I think it can work IF you are up front and honest about what us happening, and if you can carve yourself out some personal space.
I think Coco' s situation is untenable, for her but also for the children. Coco, why are you pretending that the separation isn't happening? That can only lead to confusion for the children at best; they'll know that things are not right between you, yet be told that everything's fine. They will learn not to trust their own instincts and feelings. If you are honest with them, they'll be able to cope, if you constantly lie to them, you are risking their mental health.
It doesn't seem as if it's doing you any favours either.

BadJanet · 08/05/2019 22:05

Yes, I think as long as you’re honest and authentic with your children in an age-appropriate way, they can adjust perfectly well to the idea that you are good friends now instead of a couple. It all hangs on whether what they see happening matches up to what they’re being told (I mean, it’s no good assuring them you’re friends if there is palpable tension between you). If it does match up, and everyone is kind and respectful and stuff, it can totally work.

Our kids know we used to be a couple, in love, boyfriend/girlfriend etc., for a long time - but that over time, our relationship changed. They had already been aware of other families (of school friends or classmates etc.) where the parents split up, so they had an understanding that this sometimes happens, and that often in those situations, one of the parents moves out.

We explained that, just like in those families, we have stopped being a couple, because sometimes that kind of relationship does not last forever - but that we are lucky enough to still like each other a lot and to feel happy about both sharing a home with them, so nobody was going to move out.

We have committed to sharing a home until they are grown up enough to want to move out into their own places, and at that stage we’ll see how things look and decide what to do next.

Sorry, this is all really obvious-sounding and probably not that useful. I don’t normally post about it on here under my usual name. Trying to think what else to say that might help...

I do really recommend talking to a therapist with experience in this area if you can afford to. It helped me so much. Even though our breakup was amicable, it still took a LOT of soul-searching to get to the point where we felt we were sure we could do this. Obviously you don’t want to tell the kids that you’re doing it, and then have it all break down and crumble after six months. And buying a bigger home together was a big deal.

That period of deciding what would happen - the period between us acknowledging to each other that our relationship had ended, and breaking the news to the children - that was really hard. We didn’t want to tell them we had split until we knew what was happening next, because we wanted to be able to answer their questions about who was living where and how their lives would be affected.

When we finally were ready to “come out” to them it was a huge, huge relief to be able to be honest.

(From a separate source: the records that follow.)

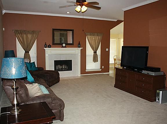 OPEN AND SPACIOUS IN THE PERFECT NEIGHBORHOOD. DECORATOR COLORS, WARM AND RICH. TALL CEILINGS, CROWN MOLDING AND LANDSCAPED YARD. 1556 SQ. FT, ONE STORY, 3 BED. 2 FULL BATH, 2 CAR, HUGE FAMILY LIVING WITH BEAUTIFUL FIREPLACE AND MANTEL. OPEN KITCHEN AND BREAKFAST FOR ALL YOUR FAMILY MEALS. COVERED PATIO AND GREAT BIG BACKYARD FOR THE KIDS TO PLAY.
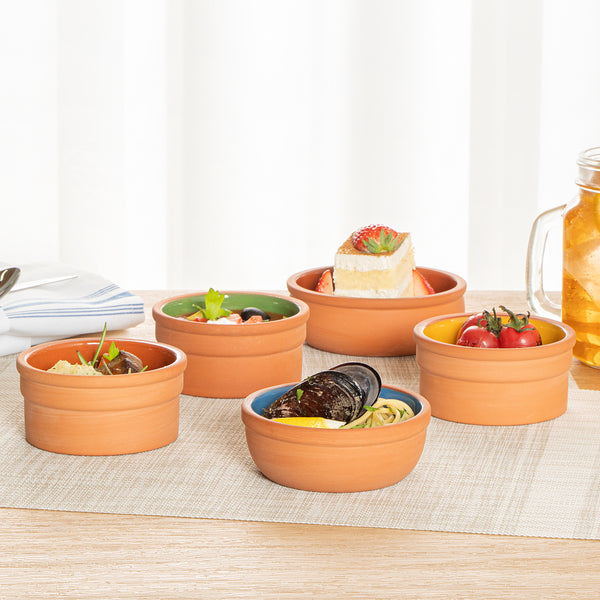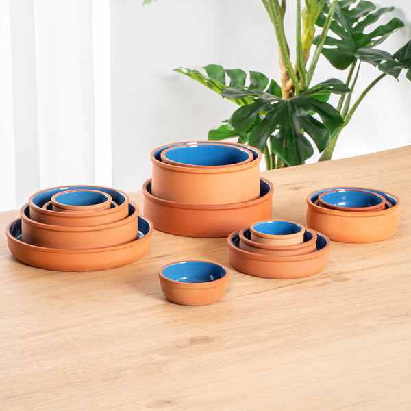 5 OZ TERRCOTTA CAZUELA BOWL - BLUE GLAZED INTERIOR, OVEN-SAFE
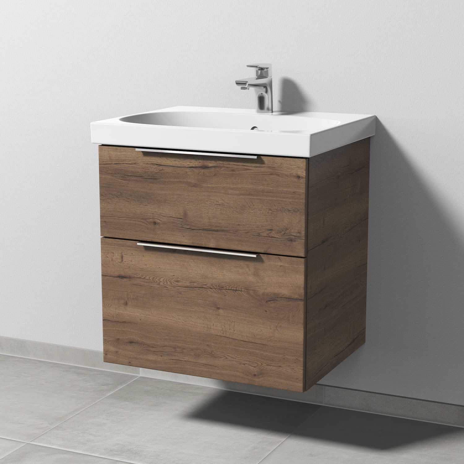 Sanipa 3way Waschtischunterbau für Keramik-Waschtisch Acanto 60 cm, 2 Auszüge mit Aufsatzgriff
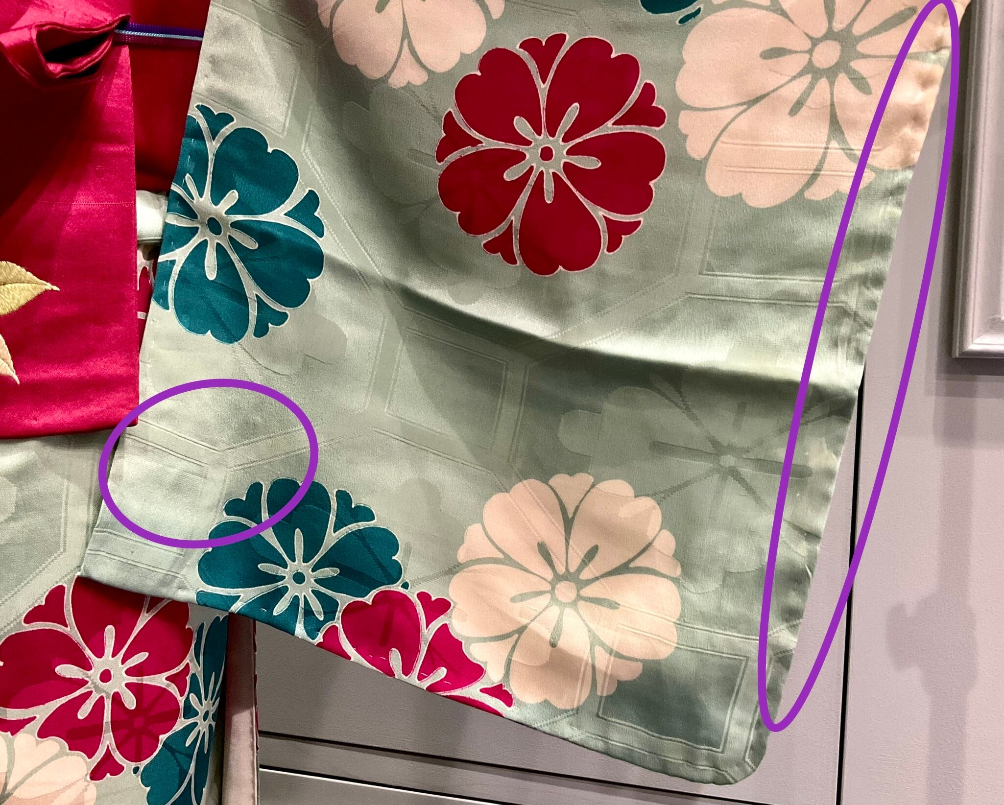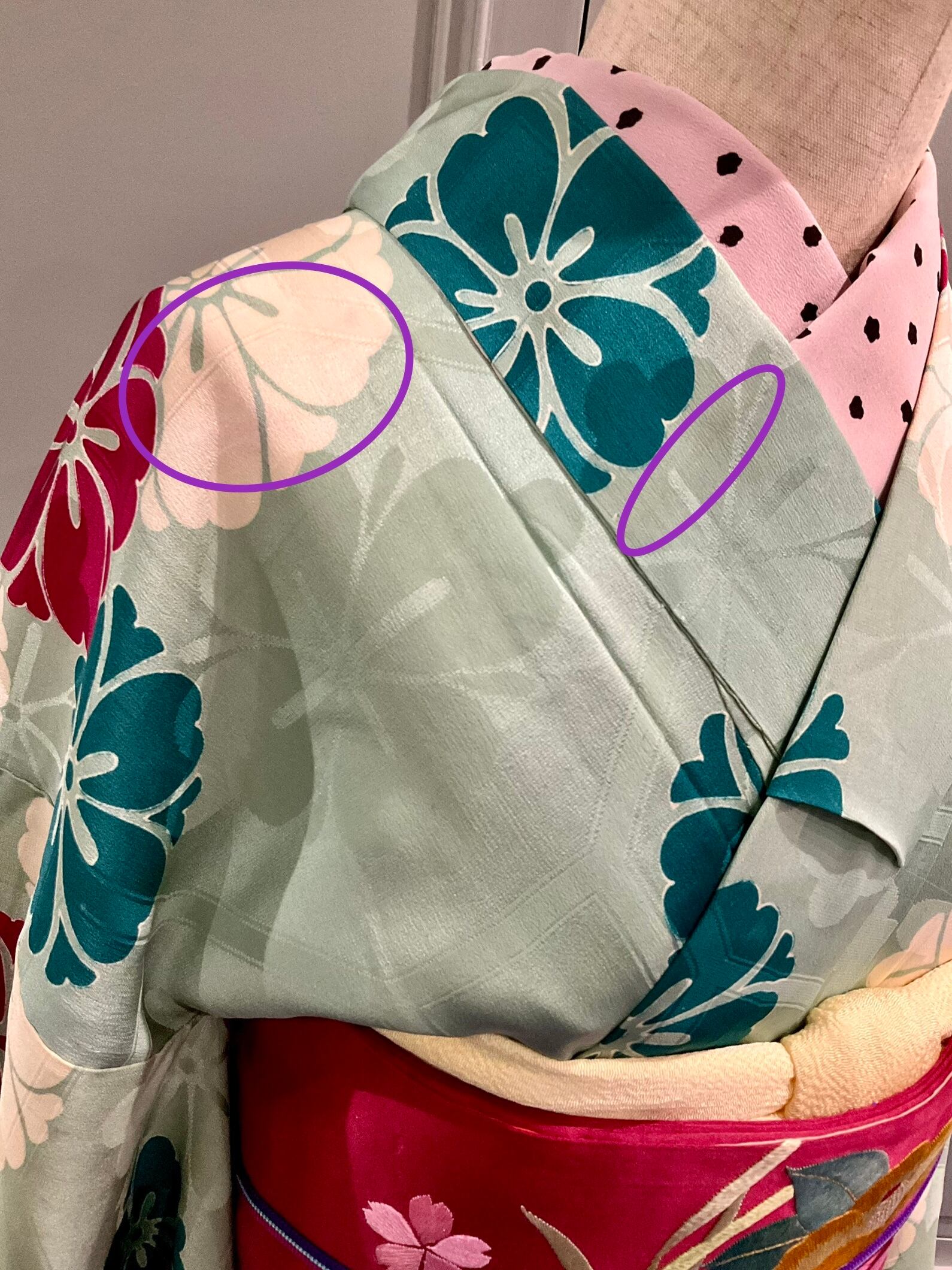 両袖、上前の膝あたり、左後ろ脇、後ろにうっすらクスミ。

We did then have about 18 more months of XDP sleeping on the sofabed though, before we could find a local house we could afford with 4 bedrooms. That really wasn’t great! But we felt like it would have been too confusing, muddling the message, if we’d shared a bedroom.

And after I met my current DP it also took lots of time to get to the stage of introducing him into the picture. It’s all been slow, slow, slow and careful.

BadJanet · 08/05/2019 22:12

God that was an epic post - sorry!

Annilk · 08/05/2019 22:17

BadJanet, thank you - it is all massively helpful (and don't worry, none of it is at all obvious when the situation feels so muddled!) :)
You're giving me hope, and seeing the different stages you've been through also helps in that, while it feels so hard and almost impossible now, that can pass if focused enough on the ultimate goals....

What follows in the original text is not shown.